Checks if 'git-filter-repo' is installed and accessible in the system's PATH.
Returns:
bool: True if git-filter-repo is found, False otherwise.
"""
func_name = "_check_filter_repo_installed"
try:
# Execute with --version, which is a lightweight command.
# Use subprocess.run directly to avoid circular dependencies or complex setups.
subprocess.run(
["git-filter-repo", "--version"],
check=True,
capture_output=True,
text=True,
# On Windows, prevent console window from flashing
startupinfo=(
subprocess.STARTUPINFO(dwFlags=subprocess.STARTF_USESHOWWINDOW)
if os.name == "nt"
else None
),
)
log_handler.log_info(
"'git-filter-repo' is installed and accessible.", func_name=func_name
)
return True
except FileNotFoundError:
log_handler.log_error(
"'git-filter-repo' command not found. It must be installed and in the system's PATH.",
func_name=func_name,
)
return False
except (subprocess.CalledProcessError, Exception) as e:
log_handler.log_error(
f"Error checking for 'git-filter-repo': {e}", func_name=func_name
)
return False
def analyze_repo_for_purgeable_files(
self, repo_path: str
) -> List[Dict[str, Any]]:
"""
Analyzes the entire repository history to find committed files that
are now covered by .gitignore rules.
Args:
repo_path (str): The absolute path to the Git repository.
Returns:
List[Dict[str, Any]]: A list of dictionaries, where each dictionary
represents a file to be purged and contains
'path' and 'size' keys.
"""
func_name = "analyze_repo_for_purgeable_files"
log_handler.log_info(
f"Starting history analysis for purgeable files in '{repo_path}'...",
func_name=func_name,
)
purge_candidates: Dict[str, int] = {} # Use dict to store unique paths
try:
# 1. Get a list of all blobs (file versions) in the repository's history
# Returns a list of (hash, path) tuples
all_blobs = self.git_commands.list_all_historical_blobs(repo_path)
if not all_blobs:
log_handler.log_info(
"No historical file blobs found.
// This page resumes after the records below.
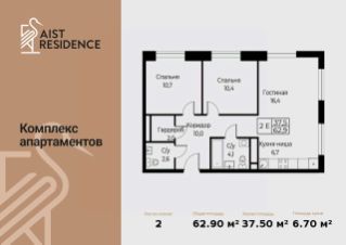Продаются 3-к апартаменты площадью 62.90 кв.м. на 21-м этаже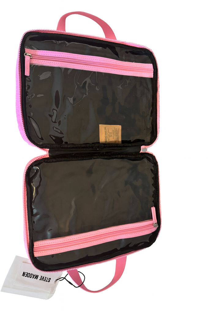 Precioso bolso de la marca Steve Madden, ideal para usarlo en tus viajes, para tu maquillaje, ropa interior o darle el uso que sea más conveniente para ti.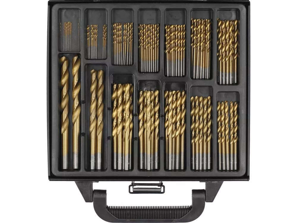 Csigafúró készlet 99 részes, titán-nitrid bevonattal, hengeres szárral.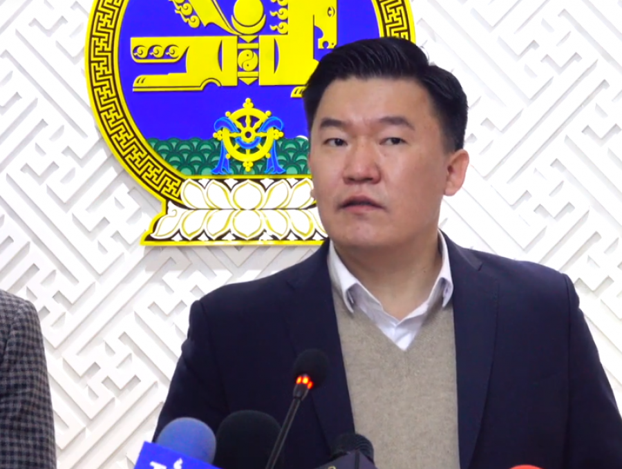 АН-ын дарга М.Тулгат, Ерөнхий нарийн бичгийн дарга Ч.Өнөрбаяр нар цаг үеийн асуудлаар мэдээлэл хийж байна.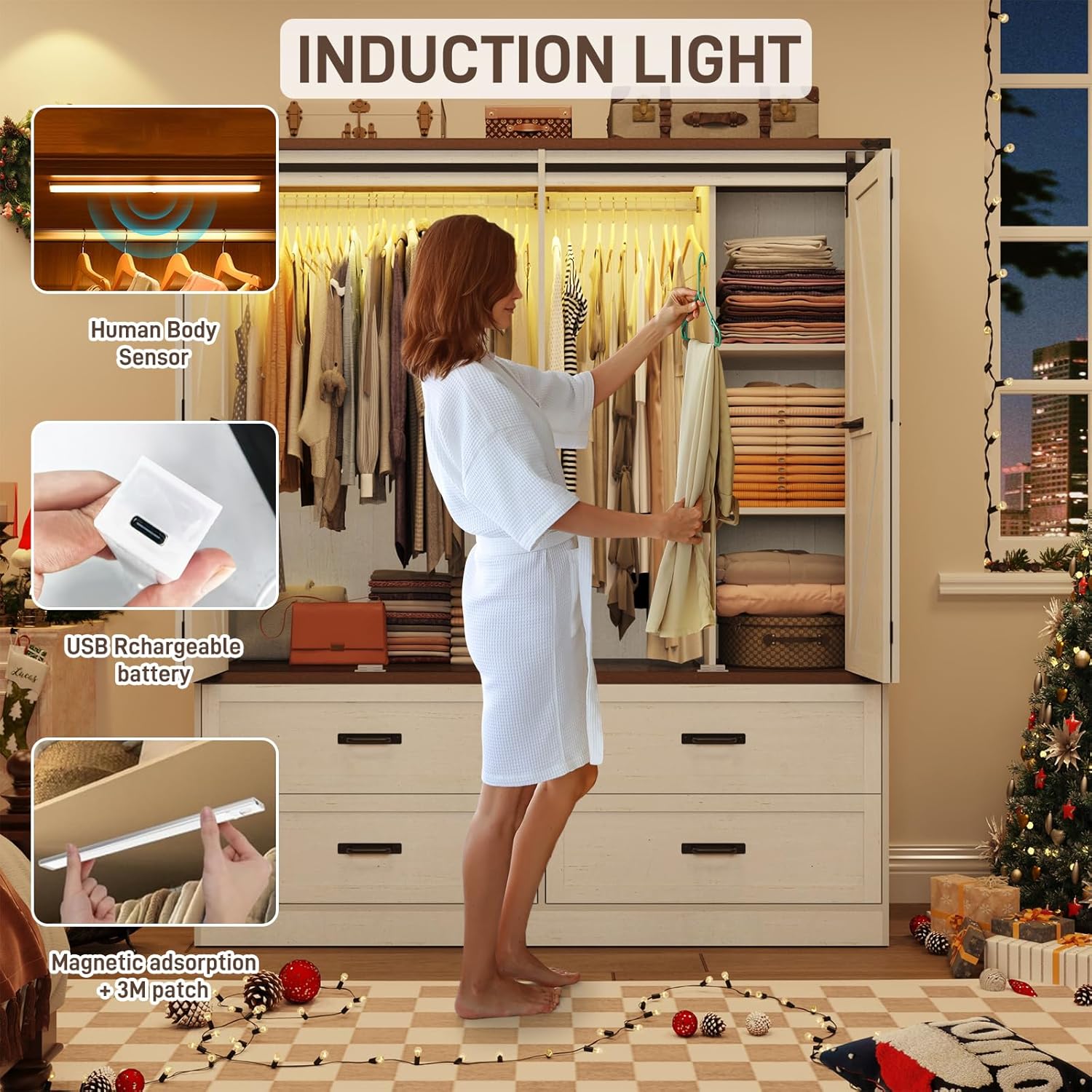 - 4 Door Wardrobe Closet with Motion Sensor Light: Our led wooden wardrobe closet come with induction light which will turn on automatically when you get within 120° and 16 feet, allows you to choose your clothes conveniently whether at night or low light environment.The light could be chargeable by usb cable which included in package. Auto/On/Off 3 modes available for different occasions which more bang for your buck than other closet.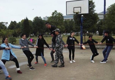 上图为众志成城游戏环节各参赛成员相互信任,相互依赖,用绳子围成一个圈,大家团结一致,小心的保持着绳子的韧度,成功的完成了这个比赛。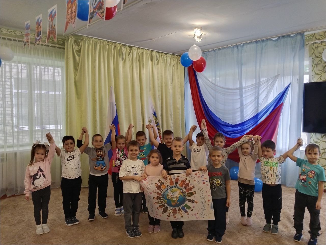 В ходе мероприятий проведенных накануне праздника, дети познакомились с историей возникновения праздника, подвигами наших предков во имя независимости Родины. Дошкольники узнали об историческом прошлом России, закрепили знания о государственных символах. Ребята познакомились с народами, населяющими нашу страну, национальными костюмами, обычаями, играми. Дети играли в игры, исполняли танцы, читали стихи.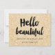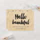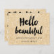 A modern, stylish gift certificate hello beautiful with modern hand lettering style brush typography on a trendy and elegant chic gold glitter sparkles background.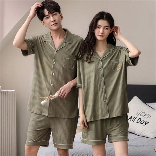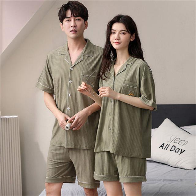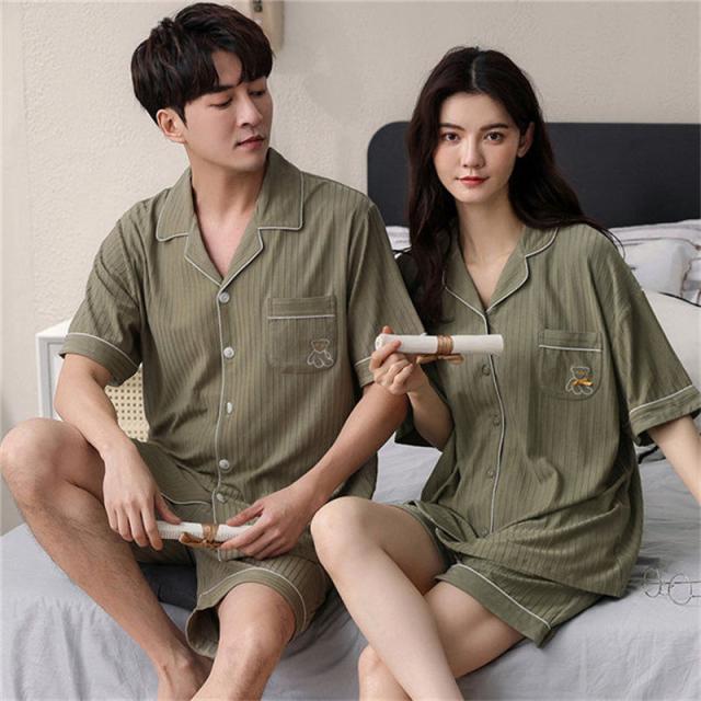 ペアパジャマ カップル ペア ルームウェア 夏 韓国風 クマ ペアルック パジャマ セットアップ 綿 寝巻き 部屋着 お揃い 寝間着 ギフト 結婚記念日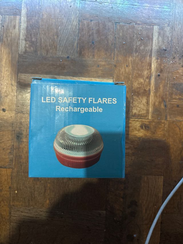 Luz de seguridad LED recargable para emergencias. - Diseño compacto y portátil. - Base roja y parte superior transparente con rejilla.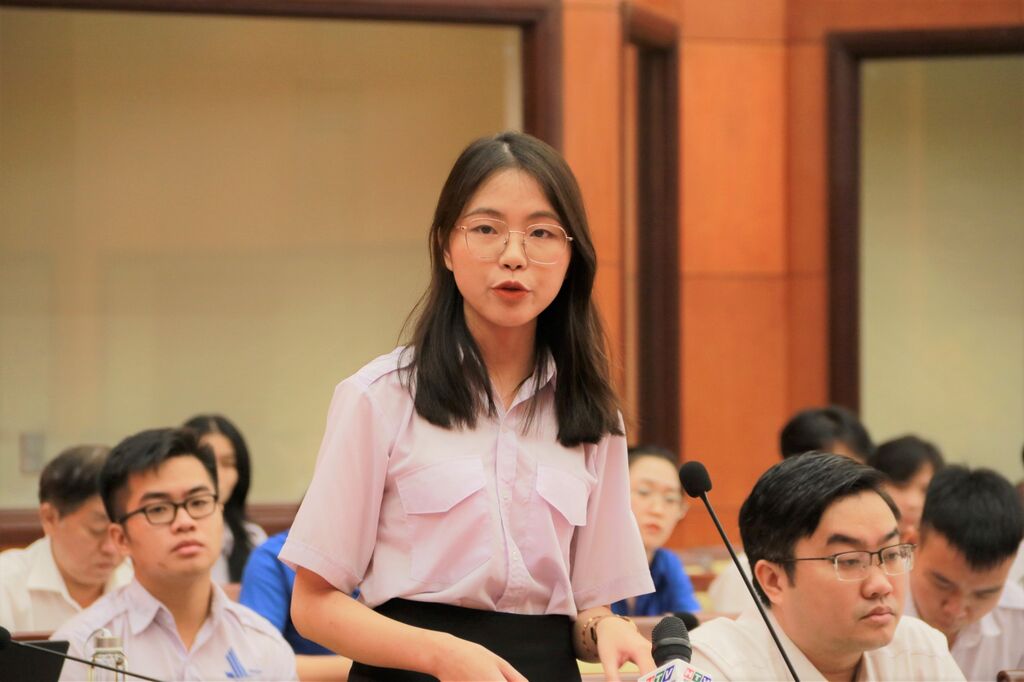 | Mai Hai Yên partage ses idées sur les contributions des jeunes au développement de ville. |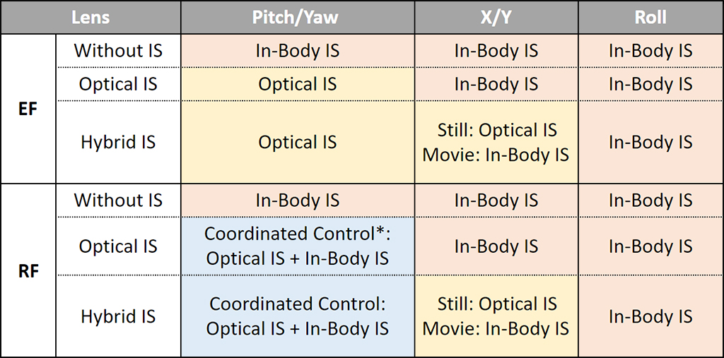 Note: Coordinated Control IS does not correct shift camera shake, which occurs when the camera is panned horizontally or vertically, or rotational camera shake, which occurs when the camera is tilted horizontally. These are corrected by In-Body IS.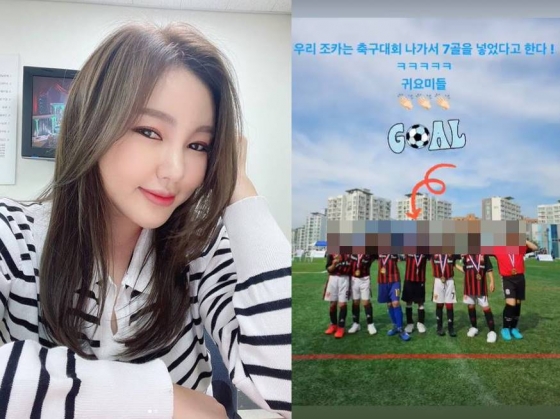 송가인은 2일 자신의 인스타그램 스토리에 "우리 조카는 축구대회 나가서 7골을 넣었다고 한다! 귀요미들"이란 글과 함께 사진을 게재했다.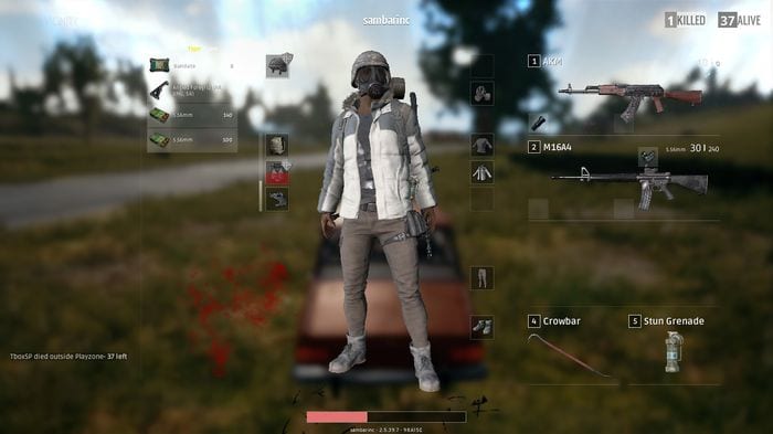 I started well this round. After landing in a pretty decent neighborhood and looting the buildings, I managed to procure an AKM and M16A4. After collecting other important equipment, I trekked towards the white circle, unaware that the electric field was so near to me.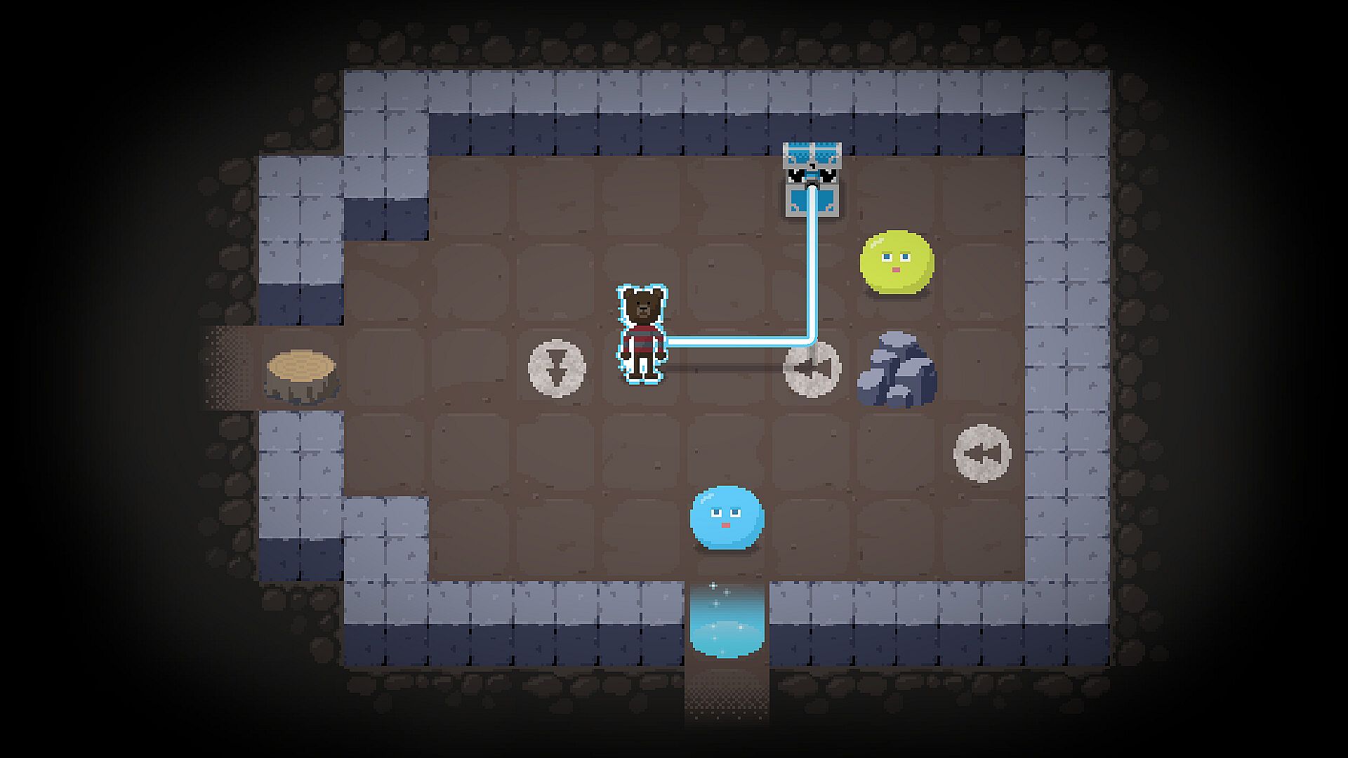 • Roll the blue slime into the goal to unlock the path to the next area.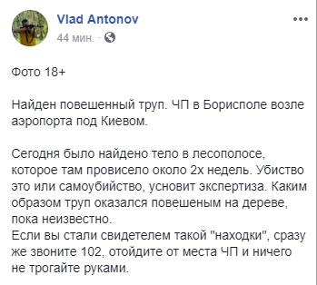 "Сегодня было найдено тело в лесополосе, которое там провисело около двух недель. Убийство это или самоубийство, установит экспертиза. Каким образом труп оказался повешенным на дереве, пока неизвестно", - говорится в сообщении.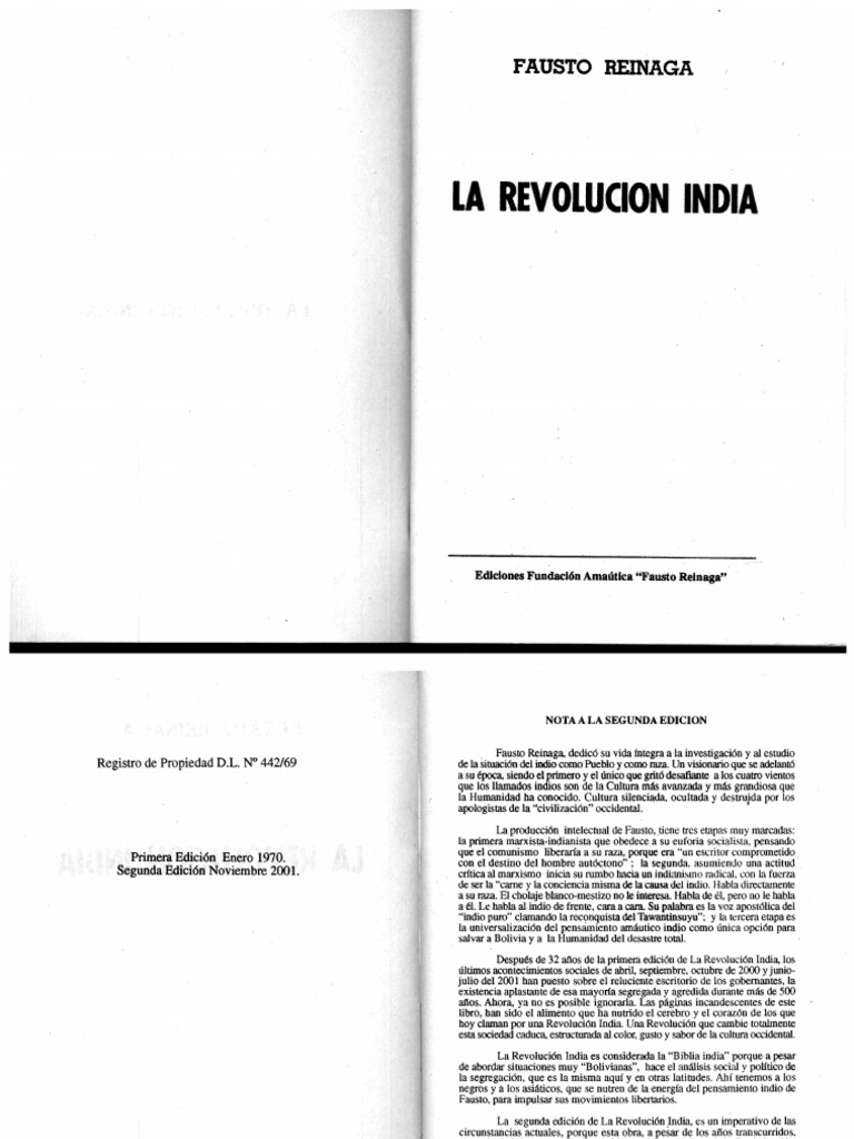 Fausto Reinaga La Revolucion India Bolivia Mundo Occidental

Analysis complete.",
func_name=func_name,
)
return []
log_handler.log_debug(
f"Found {len(all_blobs)} total blobs. Checking against .gitignore...",
func_name=func_name,
)
# 2. Iterate and find files that are now ignored
for blob_hash, file_path in all_blobs:
# Avoid reprocessing a path we already identified as a candidate
if file_path in purge_candidates:
continue
# Check if the current .gitignore would ignore this path
if self.git_commands.check_if_would_be_ignored(repo_path, file_path):
# It's a candidate for purging. Get its size.
try:
blob_size = self.git_commands.get_blob_size(
repo_path, blob_hash
)
# Store the file path and its size. If a path appears multiple
# times with different hashes, we'll just keep the first one found.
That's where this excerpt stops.